Credit card cash Advance

What is a Cash Advance?

Published Aug 17, 2025 10:53 PM UTC • 7 min read

Fact Checked
Anthony Coles
Written By
Editor
Kevin Shahnazari
Credit Card Expert

Credit Card Cash Advances in Canada: What You Should Know


In personal finance, a credit card cash advance is a tool of last resort, offering a fast but costly way to borrow money. It allows you to use your credit card to get physical cash from an ATM or make cash-like transactions, which can seem like a lifesaver in an emergency where only cash is accepted.

However, this convenience comes at a steep price, making it one of the most costly forms of debt available to Canadian consumers. Before you ever use your credit card for a cash advance, it's crucial to understand the cascade of fees and interest that begins the moment you complete the transaction. These costs can quickly turn a short-term fix into a long-term financial burden.

The True Cost of a Cash Advance

The expense of a cash advance is not a single charge but a combination of fees and immediate interest that makes it fundamentally different from a regular purchase.

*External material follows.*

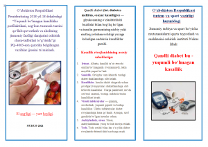 O‘zbekiston Respublikasi Prezidentining 2018 yil-18 dekabrdagi “Yuqumli bo‘lmagan kasalliklar profilaktikasi, sog‘lom turmush tarzini qo‘llab-quvvatlash va aholining jismoniy faolligi darajasini oshirish chora-tadbirlari to‘g‘risida”gi PQ–4063-son qarorida belgilangan vazifalar ijrosini taʼminlash maqsadida 2021 yil 15 oktyabr kuni Nukus filalida “Sport fanlari” kafedrasi o‘qituvchisi Orazbayeva Navbahor tomonidan “Sport turlari bo‘yicha trener o‘qituvchilar” yo‘nalishi tinglovchilariga “Qandli diabet bu -yuqumli bo‘lmagan kasallik” mavzusidagi seminar o‘tkazildi. Seminarda yuqumli bo‘lmagan “Qandli diabet” kasalligining kelib chiqishi va uning oldini olish haqida keng tushunchalar berildi. Kasallik rivojlanishining asosiy sabablari, belgilari va alomatlari bo‘yicha bukletlar tayyorlanib tinglovchilarga tarqatildi.

1. More Than Just ATM Withdrawals: The "Quasi-Cash" Trap

A common and costly pitfall is underestimating what your bank considers a cash advance. Beyond withdrawing cash from an ATM, a broad category of "quasi-cash" transactions is treated identically, incurring the same high fees and immediate interest with no grace period. You must be vigilant for these, as they are not always obvious. Watch out for:

  • Gambling and Gaming: Using your card to fund online sports betting, buy casino chips, or purchase lottery tickets online.
  • Money Transfers and Currency: Funding wire transfers, buying foreign currency at an exchange bureau, or purchasing money orders.
  • Cryptocurrency and Investments: Buying digital assets like Bitcoin on many exchanges with a credit card is often processed as a cash advance.

Banks classify these as cash equivalents because they are high-risk and easily convertible to cash, often signalling financial instability to the lender.

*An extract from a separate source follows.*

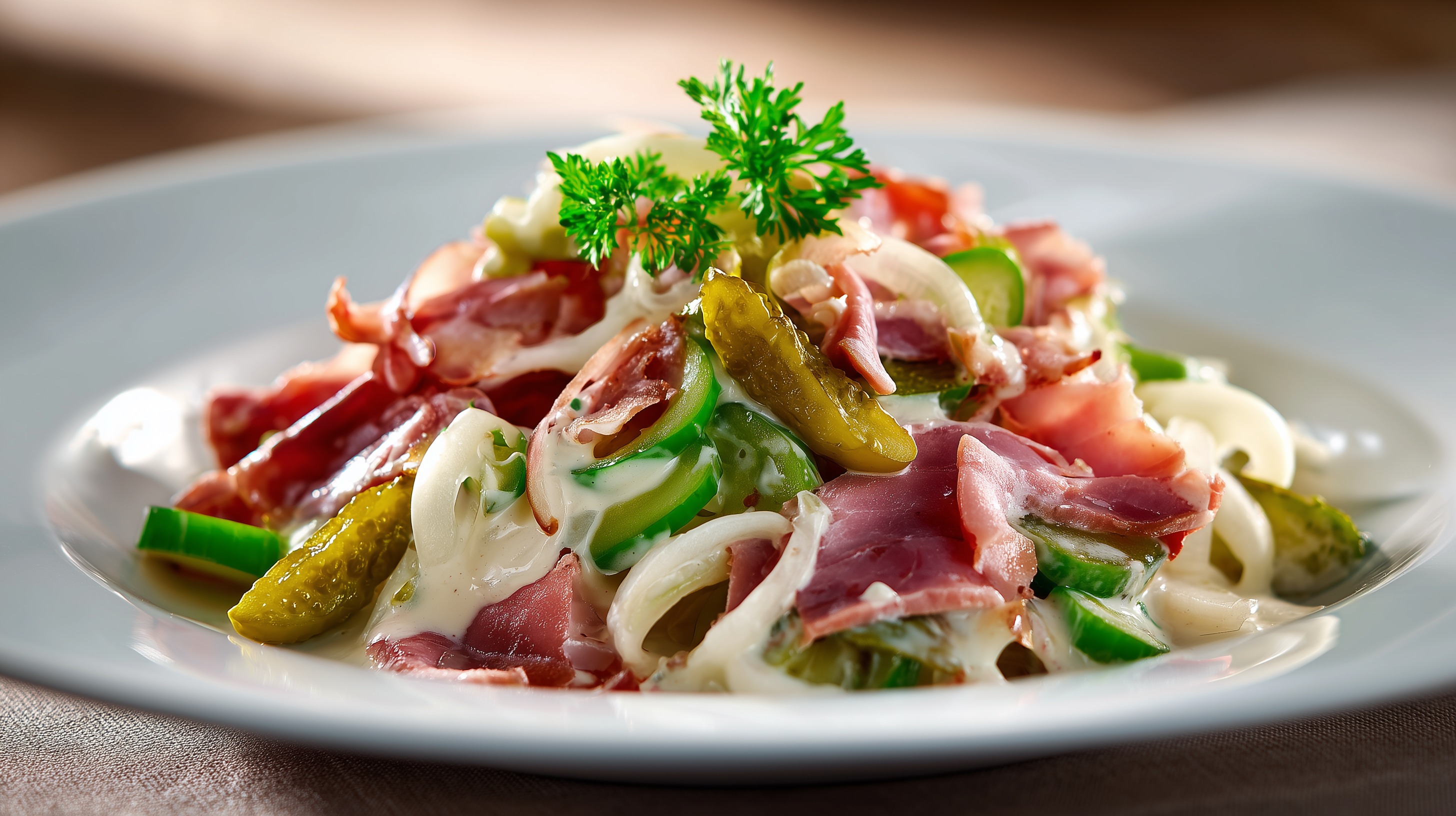 Tipp: Der Fleischsalat schmeckt am besten, wenn er über Nacht im Kühlschrank durchzieht. Er passt hervorragend zu frischem Bauernbrot oder Brötchen und eignet sich auch wunderbar als Füllung für Sandwiches oder als Beilage zu einem Grillbuffet.

2. The High Interest Rate with No Grace Period

The most damaging feature of a cash advance is the interest. Unlike regular purchases, which have an interest-free grace period of at least $21 days, interest on a cash advance begins accumulating the moment the transaction is processed.

In Canada, cash advance interest rates are significantly higher than purchase rates, typically starting around 22.99% and often reaching 24.99% or more. Let's illustrate the immediate financial damage with a $500 cash advance on a card with a 22.99% APR:

  • Daily Interest Rate: The annual rate divided by 365 gives you a daily rate of approximately 0.063%.
  • Immediate Cost: From day one, interest begins to accrue. After just 30 days, the interest alone on this $500 advance would be about $9.45, a cost that compounds daily. This is before any fees are even considered.

3. Inescapable Upfront Fees

On top of the high interest rate, you are charged an upfront fee for the transaction itself. This usually includes:

  • Cash Advance Fee: Charged by your credit card issuer, this is typically a flat rate ($5 - $10) or a percentage of the amount (1% to 3%), whichever is greater. This clause means even a small $50 withdrawal could cost you a $5 fee.
  • ATM Operator Fee: If you use an ATM not affiliated with your bank, expect an additional operator fee of $2 to $5.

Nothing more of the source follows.